Nearly all shoppers expect at least one package to be delivered this holiday season, and if history repeats, almost 1 in 3 will have a parcel swiped between Thanksgiving and Christmas, according to a new report from C+R Research.
The survey “asked 2,000 consumers who have shopped online at least once within the last 12 months about their experiences with package theft as well as what preventative measures they’ve taken to avoid getting a package stolen in the future.”
Making matters worse, 1 in 4 shoppers didn’t get a refund last year after a package theft and had to shell out an additional $109 on average to replace the item or items, the report found.
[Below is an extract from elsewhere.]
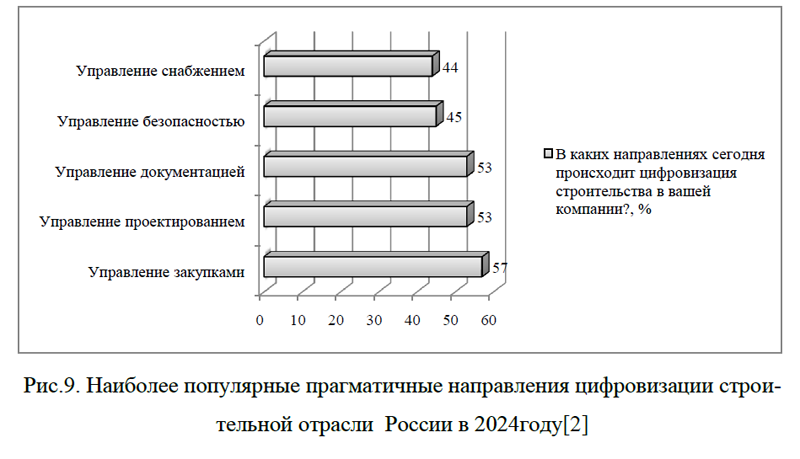 Большую популярность среди прагматичных направлений цифровизации строительной отрасли в России получили: управление закупками(57,0%), управление проектированием (53,0%) и документацией (53,0%). Также в 2024 году строительный бизнес оцифровывал: управление безопасностью и снабже-нием, рисунок 9.
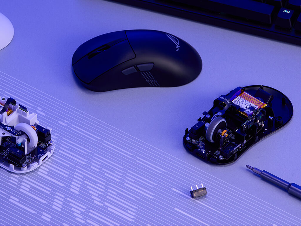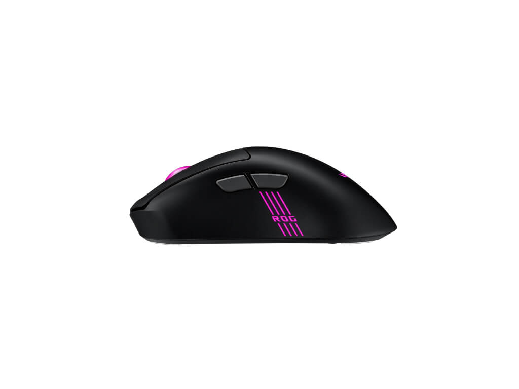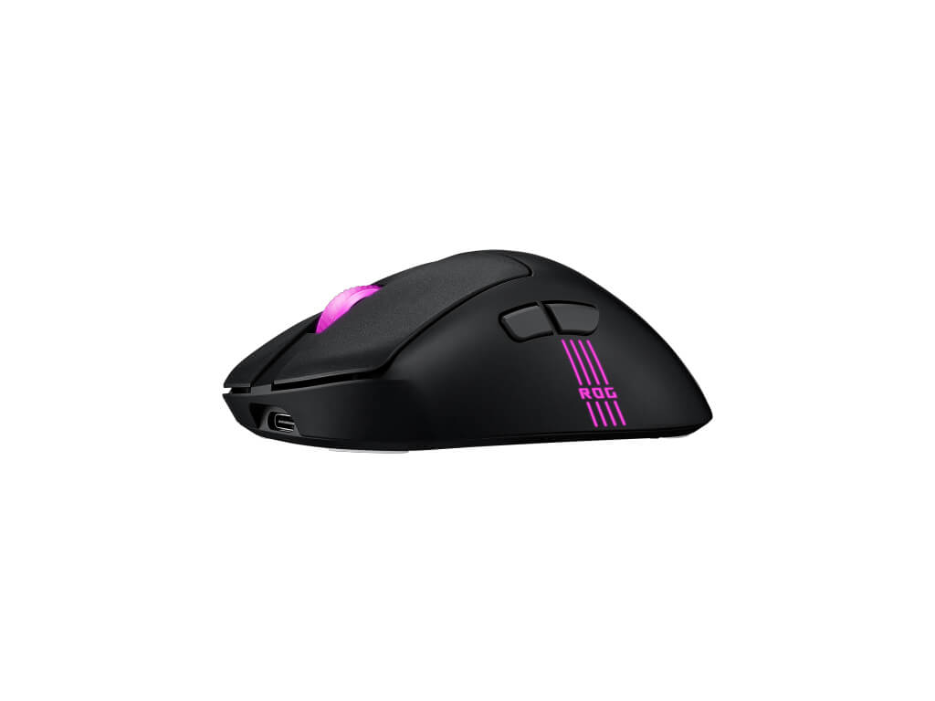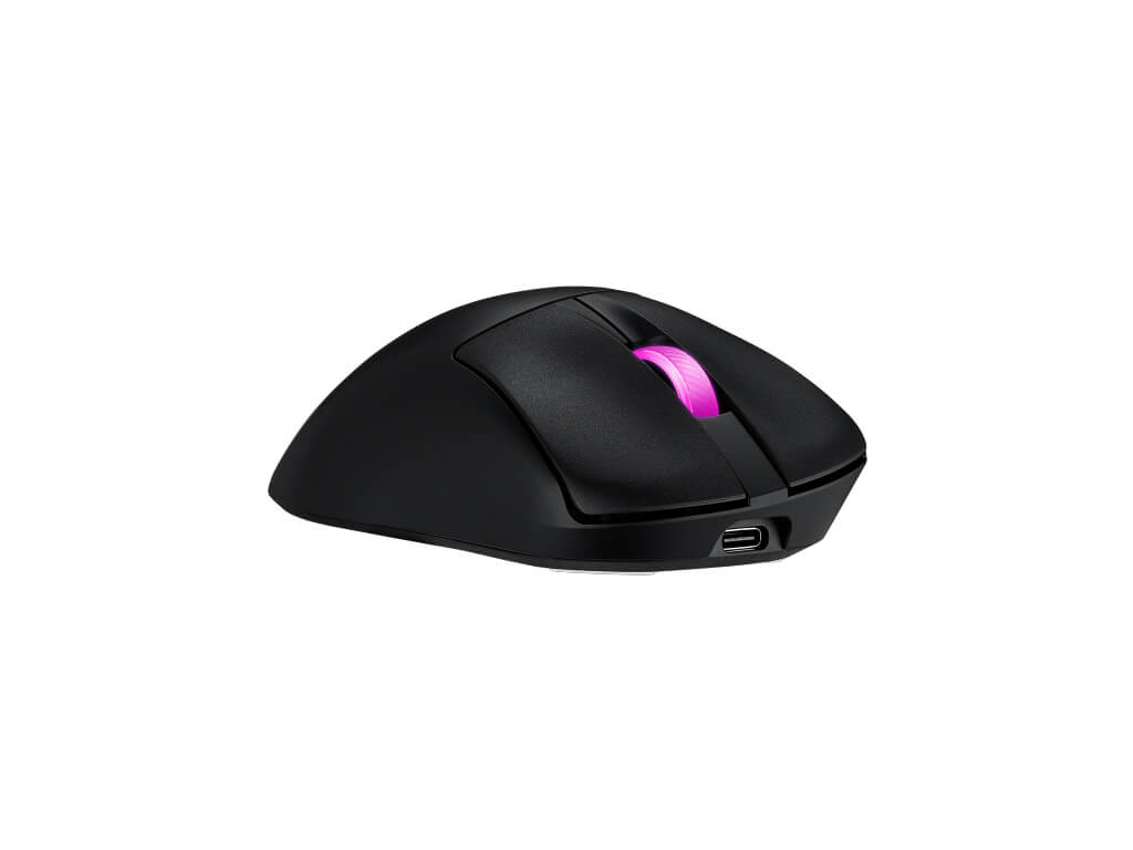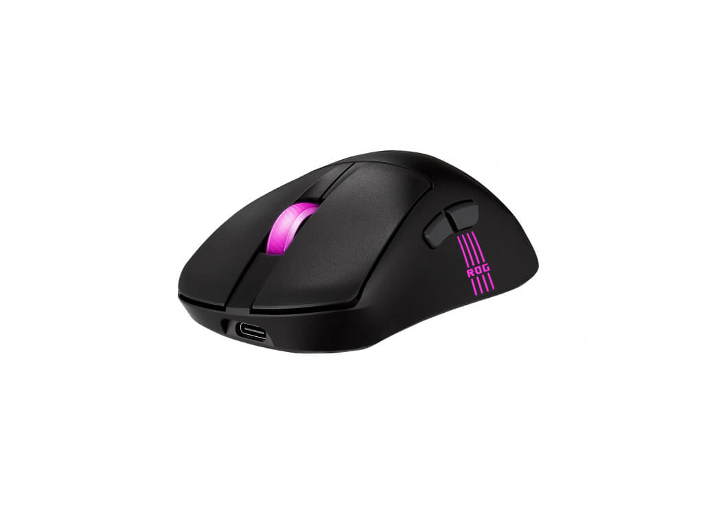Miške za računalnikeRačunalniška opremaBrezžična gaming miška s 3 consko RGB osvetlitvijo in nizko težo 65 g. Omogoča brezžično povezavo z USB sprejemnikom in z Bluetoothom ter žično s kablom. Vgrajena Li-ion baterija se polni z USB-C kablom. ROG AimPoint Pro optični senzor s 42.000 DPI za natančnost, Push-Fit Socket II zasnova pa omogoča enostavno menjavo stikal.

The findings come as Americans gear up for Christmas shopping, with Black Friday and Cyber Monday just around the corner.
“We expect to see a rise of package theft to coincide with those two popular shopping days,” said Matt Zajechowski, a content strategist at marketing firm Digital Third Coast who helped write the report.
“People who would be looking to steal packages know that within a week’s period, there's going to be the most amount of packages delivered probably all year,” he said.
Package theft fear
Package theft is a common concern among shoppers. Half of those surveyed worry it will happen to them, while 2 in 5 avoid purchasing expensive items online, so they can’t be pilfered during delivery.
Almost half of respondents said they had packages swiped from their doorstep multiple times. These repeat victims have spent $191 on average to protect their incoming parcels by installing a camera or motion lights or getting a dog.
Shoppers are taking other precautions this holiday season. Half plan to stay home waiting for their packages, the survey found, while a quarter intend to require a signature before their parcels can be delivered.
If you can’t be at home, you could arrange pick-up in-store or at a delivery center. That’s what some are planning to do. And more than 1 in 7 shoppers say they’ll ask the delivery driver to hide their packages.
Other options include mailing your purchases to a different location such as your office or your parents’ or friends’ house, if you know they will be home to accept them.
Or, you could go the old-fashioned route by purchasing your gifts in-store and bringing them home yourself. That’s what one-third of shoppers plan to do this holiday season.